Anxiety and stress are part of the human experience and are related to the ‘fight or flight’ response – our normal biological reaction to feeling threatened. They are also part of the human reaction to the finitude of life.
Sometimes anxiety feels a lot like fear; however, the two feelings are not the same. With anxiety there is an element of uncertainty (you have boarded a plane and are afraid of flying). With fear, there is an actual danger (your plane has lost an engine and is going down). While fear has a clear object (an imminent threat), anxiety does not. It is linked to uncertainty, which can make individuals feel insecure.
It’s common to feel nervous at the thought of a stressful event or decision you’re facing such as relocating to a new home, having a baby, being threatened with a job loss, being diagnosed with an illness, or when getting married or divorced. It is also common to feel something called existential anxiety, which refers to uncertainties that related to the human condition.
Anxiety is a useful human emotion to a degree, because it keeps people aware both of their surroundings and –existentially—of the passing of time and the need to accomplish goals within life’s limitations.
Because anxiety is a normal human experience, it’s sometimes hard to know when it’s becoming a problem for you – but if your feelings of anxiety are very strong, or last for a long time, they can be overwhelming.
Many people feel a sort of free-floating anxiety, which is a nonstop feeling of pressure and worry about anything and everything that might go wrong—will I say the wrong thing? Will that person like me? Will I lose my job tomorrow? Will I get in an accident? Will my spouse cheat on me?
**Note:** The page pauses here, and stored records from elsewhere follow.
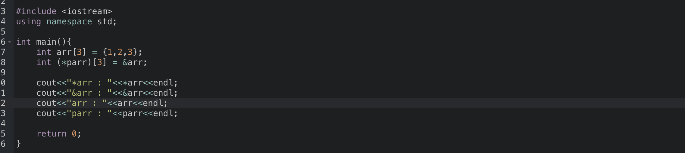 // arr은 크기가 3인 배열이기 때문에, &arr을 보관할 포인터는 크기가 3인 배열을 가리키는 포인터가 되어야 한다.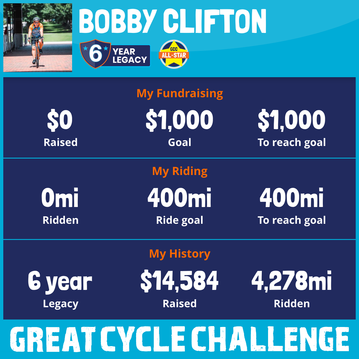 1,217 mi Ridden$5,607 Raised2025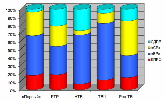 | Телеканал | КПРФ | «ЕР» | «СР» | ЛДПР | |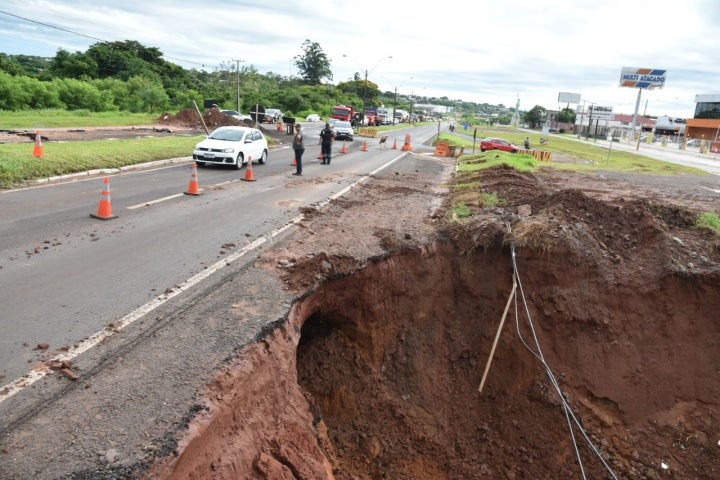 A cratera que se formou na rodovia PR-323 em Umuarama no dia 23 de dezembro durante uma tempestade que atingiu toda a região, voltou a crescer devido a uma nova tempestade que atingiu o município, na madrugada desta segunda-feira (15). As autoridades agora estão implementando o método ‘pare e siga’ para permitir que os veículos atravessem o trecho com mais segurança. No entanto se as chuvas persistirem, há previsão de interdição completa da pista o que exigirá que os motorista passem por dentro do município.
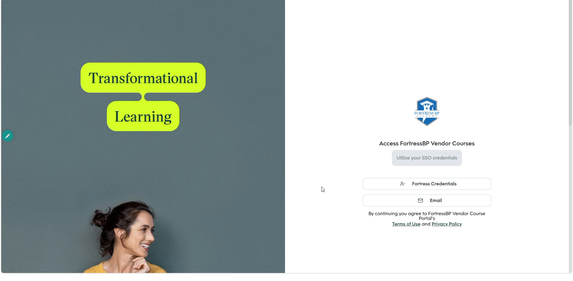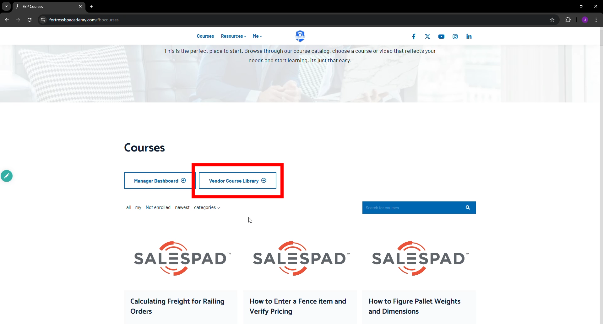 To access vendor course content a pass-through portal button is located here on the page.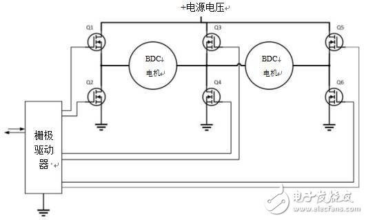 由于座椅包含多種電機,有時可能有必要通過共享的開關MOSFET來簡化驅動電子器件。圖2展示能驅動兩個電機的三個共享半橋。一般來說,N+1個半橋電路能驅動N個獨立的BDS電機。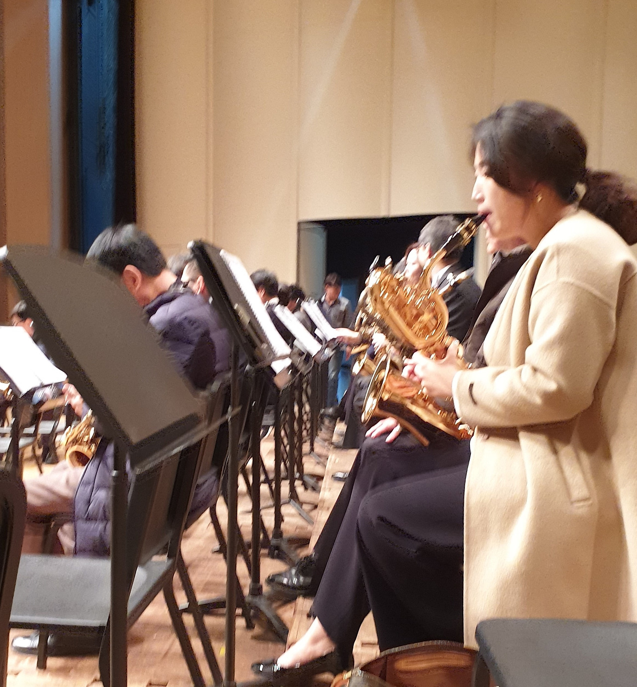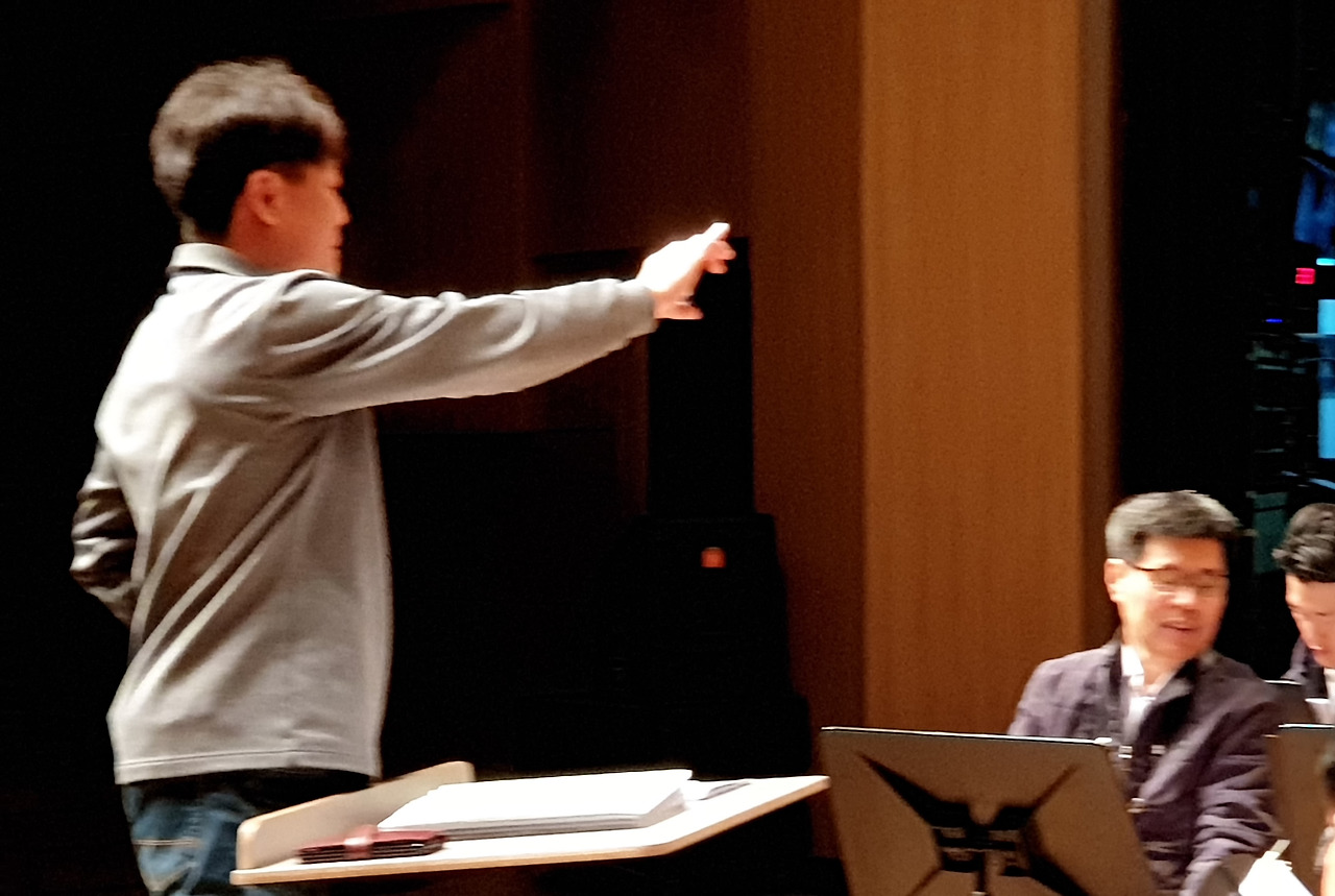 두시반부터 정식 리허설이다. 실제 연주와 꼭 같이 연주를 하는 것이다. 복장은 아직 자유 상태. 그런데 이런 곳에 꼭 지각하는 사람이 있다. 지휘자는 안절부절. 정식 리허설은 모든 사람이 와야만 시작할 수 있기에 전화로 연락을 하고 바쁘다. 왔대요 왔대. 휴우. 자, 솔로를 위한 마이크가 마련되고 지정된 자리에 모두 앉는다. 빵~ 프로그램대로 실전과 꼭 같이 하는 최종 리허설이다. 난 알토 파트. 빰 빠바 바바바 빰 바바 바바바 아주 적게 지휘자 손끝 따라 뱃속에서부터 호흡으로 빠앙 불어내며 우리의 첫 곡을 시작한다. 오랜 연습기간 줄기차게 이어졌던 지휘자의 세세한 지시가 또 떨어지고 있다. 우리는 새카맣게 또는 새빨갛게 적혀있는 악보 속 지시를 다시 한번 체크하며 오늘의 연주를 준비한다.
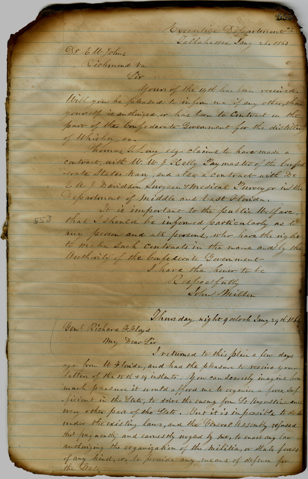 Office of the Governor of Florida. Milton Letterbook: January 26, 1863. 1863-01-29. State Archives of Florida, Florida Memory. Accessed 26 Nov. 2025.<https://www.floridamemory.com/items/show/266159>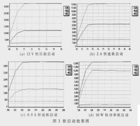 从图3 的软启动效果图可以看出, 在恒定电压、电流、功率的模式下工作时, 系统开机过程超调量很小, 有效地控制了启动过程, 防止了启动过程产生过大的扰动电压, 产生过大的功率, 有效地?;ち烁涸亍?br />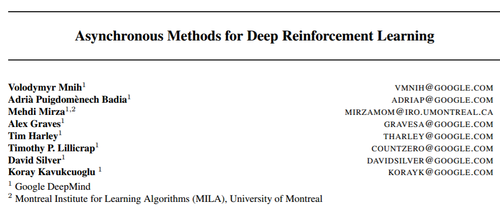 论文链接: https://arxiv.org/pdf/1602.01783.pdf

Will my child be rejected from the universities she applied for?
When you are feeling worried all of the time, are worried about worrying, find it hard to sleep or eat well because of worry, or have panic attacks it is likely that therapy can help you address the underlying reasons for your anxiety and guide you to feel more secure and less anxious. In addition to searching for the root of one’s anxiety, taking an existential-humanistic perspective to examine the concept of “freedom” in one’s life is often helpful to maintaining a sense of control over perceived threats. Cognitive behavioural therapy (CBT) can be used side by side these techniques to aide patients in practical ways to combat stress and anxiety everyday.